#### [About this task]
Each entry below is to be returned exactly, with any pictures left out.

#### [Source data]
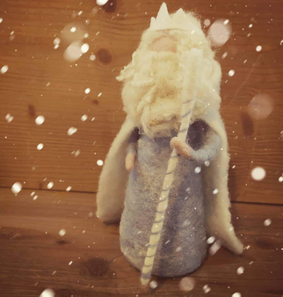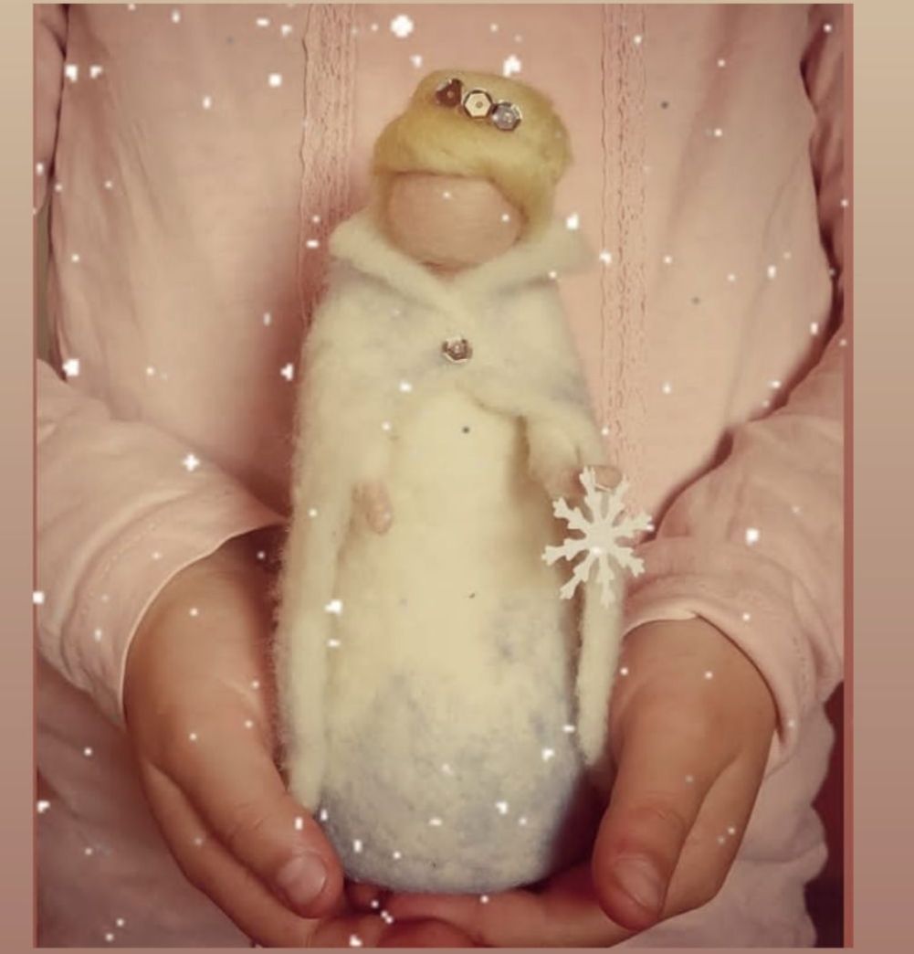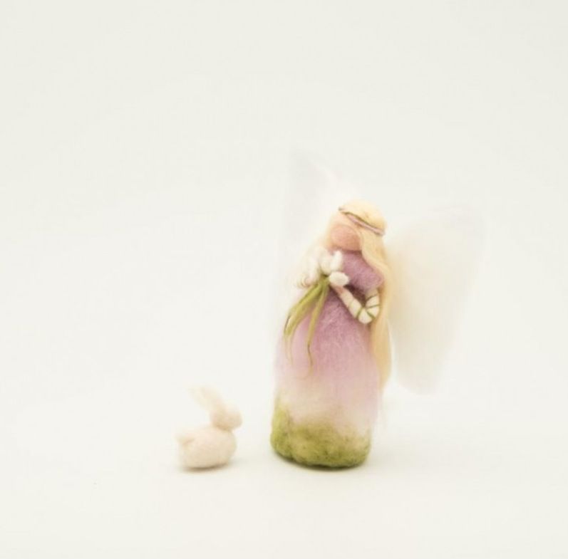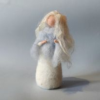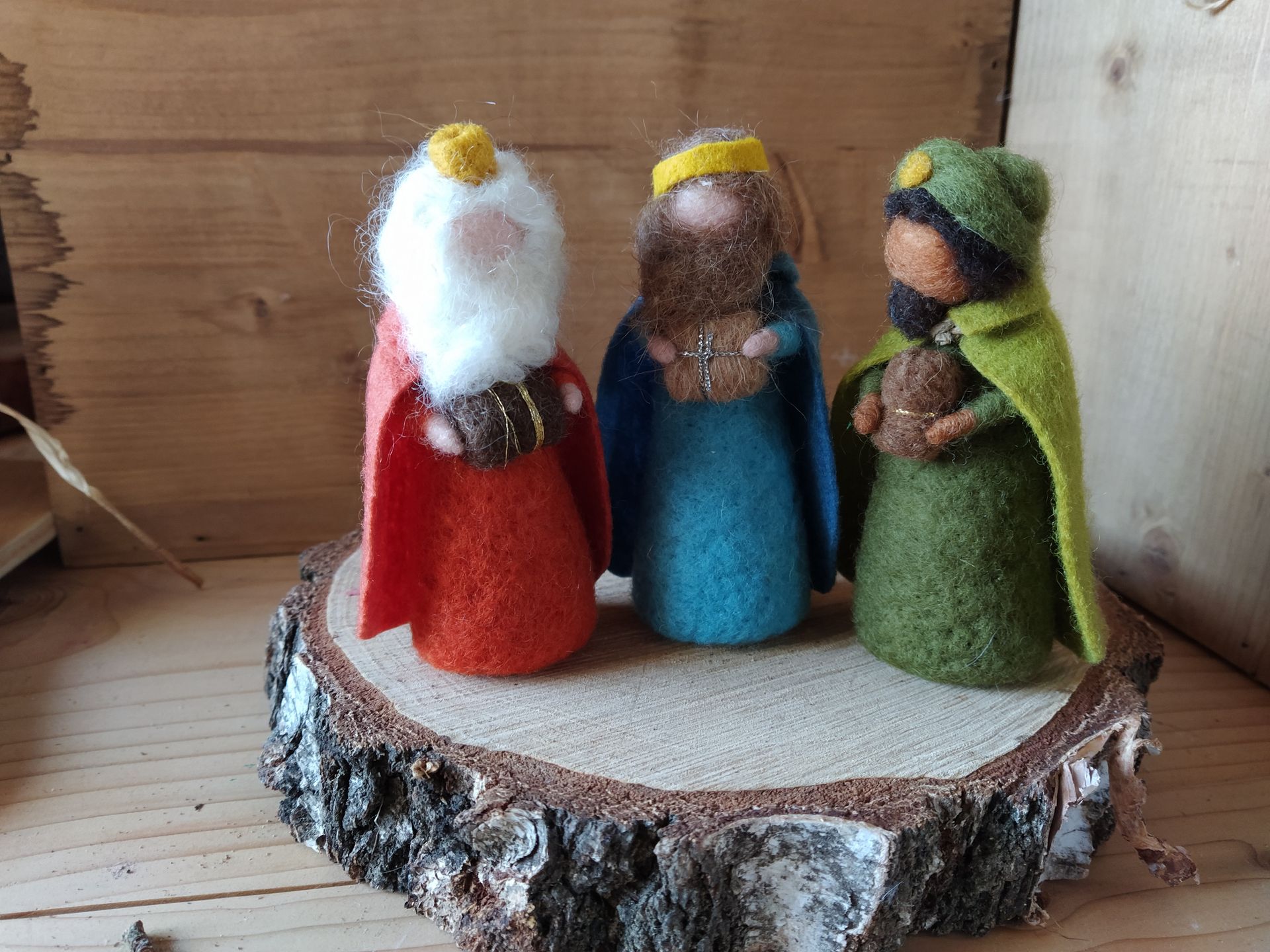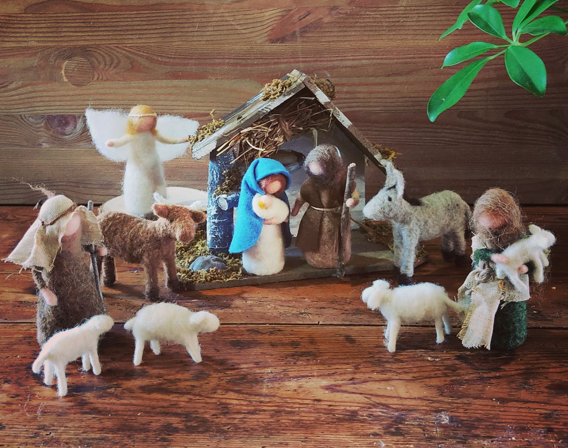 Figura hecha artesanalmente con lana cardada de oveja, fieltrada manualmente.
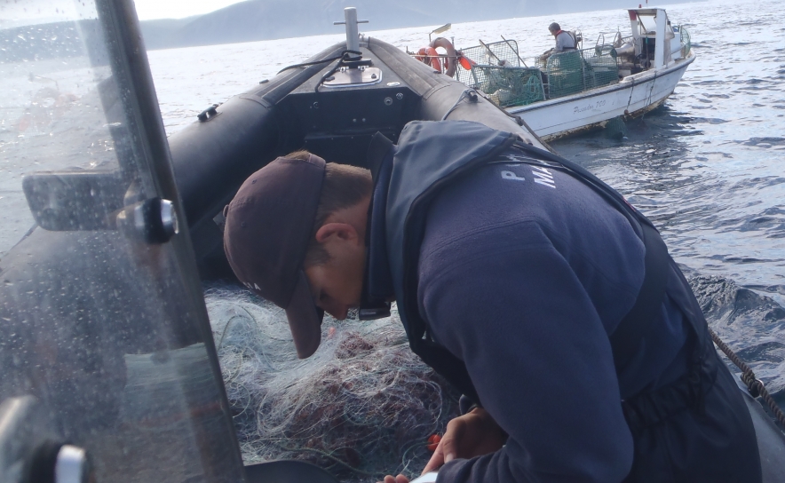 Foi ainda detetada e apreendida uma arte de pesca de tresmalho, com um comprimento aproximado de 200 metros, que se encontravam calada em zona proibida e com falta da respetiva sinalização prevista por lei.
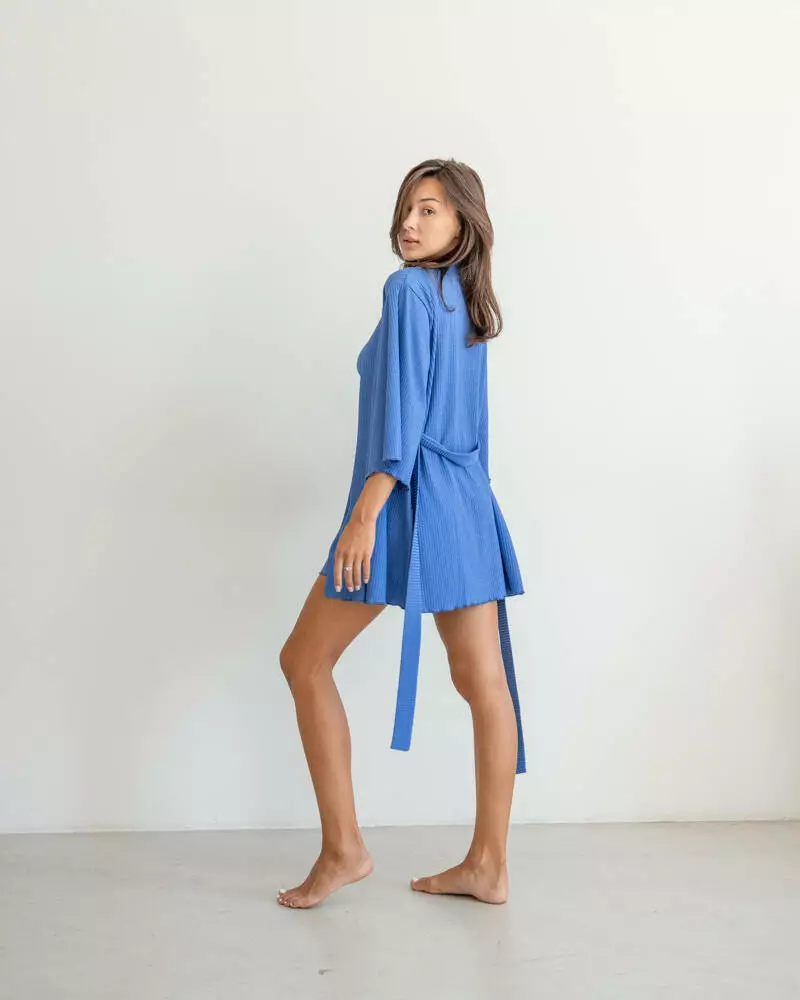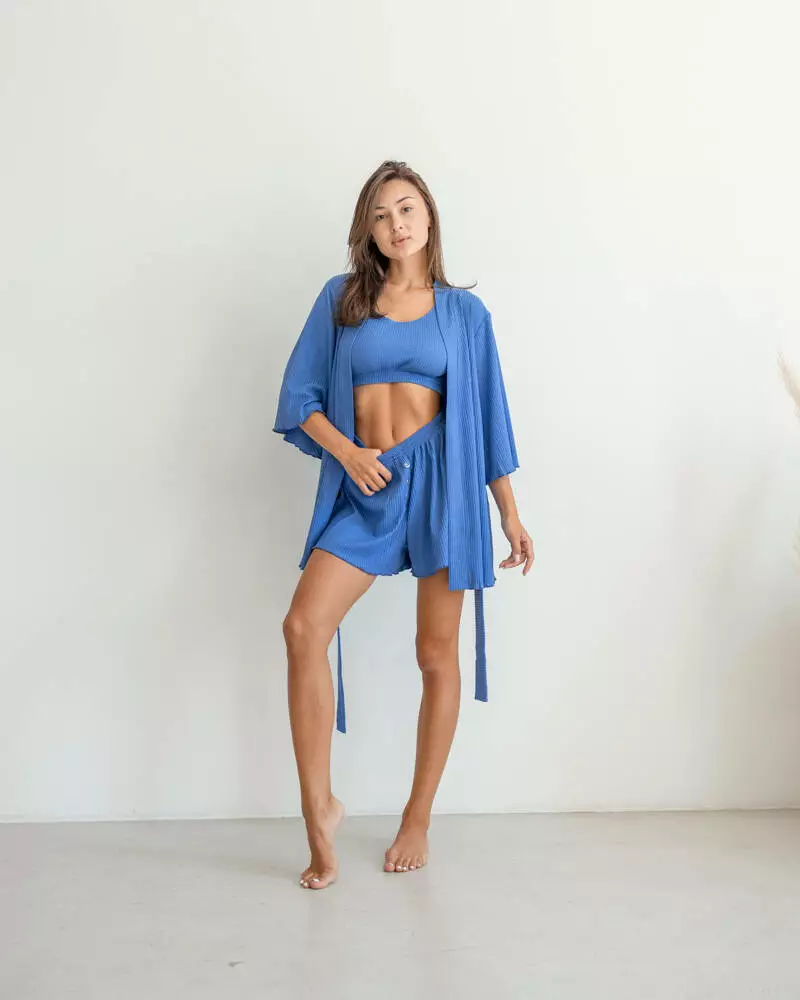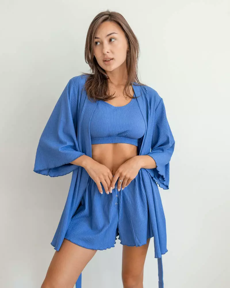 Піжамний костюм трійка з рубчика "Dana" (халат+топ+шорти) Джинсовий
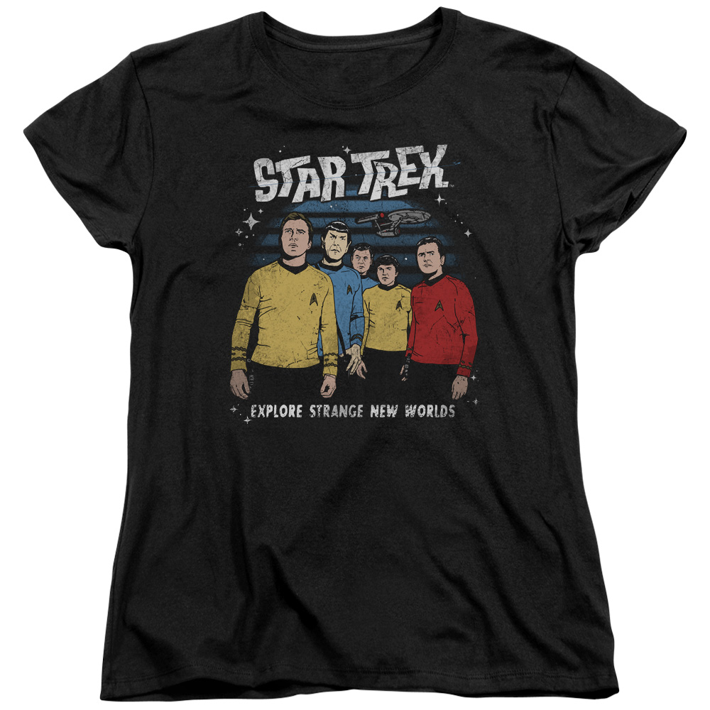 Trevco CBS1735-WT-2 Star Trek & Stange New World Womens Short Sleeve T-Shirt, Black - Medium
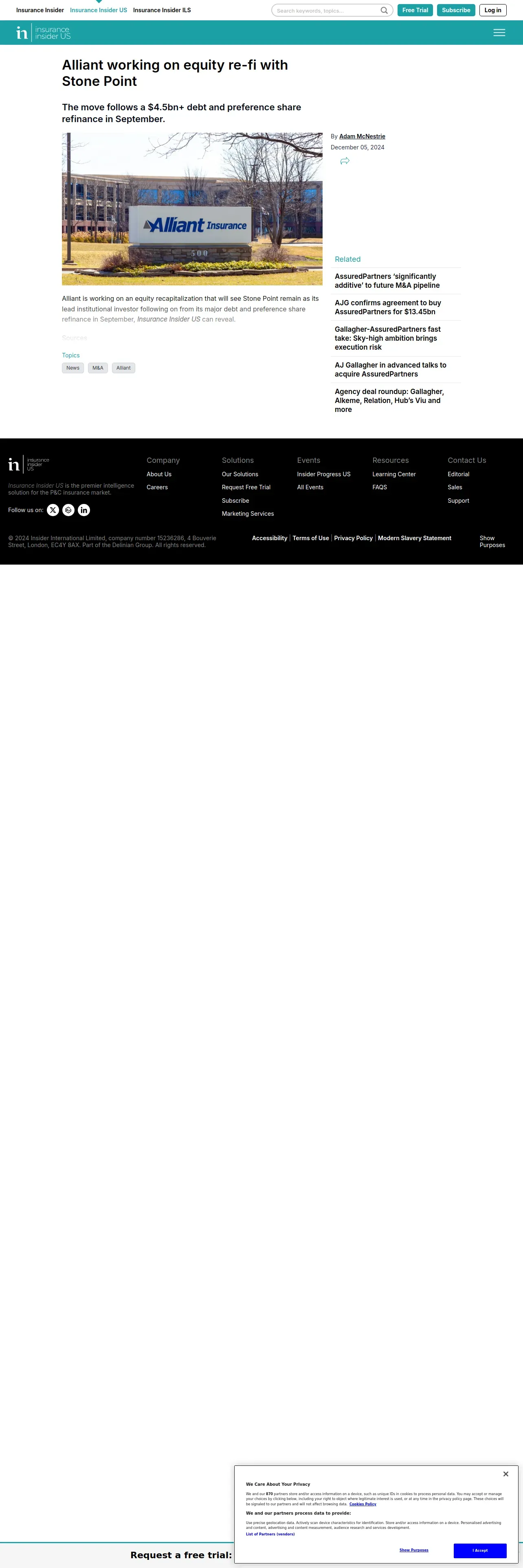 https://www.insuranceinsiderus.com:443/article/2e44lpp99xsqxfm5jxbls/all-segments/brokers/alliant-working-on-equity-re-fi-with-stone-point

#### [Response to this exercise]
 Figura hecha artesanalmente con lana cardada de oveja, fieltrada manualmente.
 Foi ainda detetada e apreendida uma arte de pesca de tresmalho, com um comprimento aproximado de 200 metros, que se encontravam calada em zona proibida e com falta da respetiva sinalização prevista por lei.
 Піжамний костюм трійка з рубчика "Dana" (халат+топ+шорти) Джинсовий
 Trevco CBS1735-WT-2 Star Trek & Stange New World Womens Short Sleeve T-Shirt, Black - Medium
 https://www.insuranceinsiderus.com:443/article/2e44lpp99xsqxfm5jxbls/all-segments/brokers/alliant-working-on-equity-re-fi-with-stone-point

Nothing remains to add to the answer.